MIT researchers have developed a new data science tool that empowers non-statisticians with the power to uncover trends and discover new insights from massive datasets just by writing a few lines of code.

Rob Matheson explains how the new tool pioneers a new approach in this article from MIT News:

The tool works using a modified version of a technique called “program synthesis,” which automatically creates computer programs given data and a language to work within. The technique is basically computer programming in reverse: Given a set of input-output examples, program synthesis works its way backward, filling in the blanks to construct an algorithm that produces the example outputs based on the example inputs.

The approach is different from ordinary program synthesis in two ways. First, the tool synthesizes probabilistic programs that represent Bayesian models for data, whereas traditional methods produce programs that do not model data at all. Second, the tool synthesizes multiple programs simultaneously, while traditional methods produce only one at a time. Users can pick and choose which models best fit their application.

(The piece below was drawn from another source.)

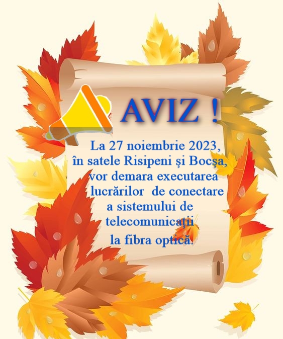 Astfel la 27 noiembrie 2023, în satele Risipeni și Bocșa, vor demara executarea lucrărilor de conectare a sistemului de telecomunicații la fibra optică.

“When the system makes a model, it spits out a piece of code written in one of these domain-specific probabilistic programming languages … that people can understand and interpret,” Mansinghka says. “For example, users can check if a time series dataset like airline traffic volume has seasonal variation just by reading the code — unlike with black-box machine learning and statistics methods, where users have to trust a model’s predictions but can’t read it to understand its structure.”

Probabilistic programming is an emerging field at the intersection of programming languages, artificial intelligence, and statistics. This year, MIT hosted the first International Conference on Probabilistic Programming, which had more than 200 attendees, including leading industry players in probabilistic programming such as Microsoft, Uber, and Google.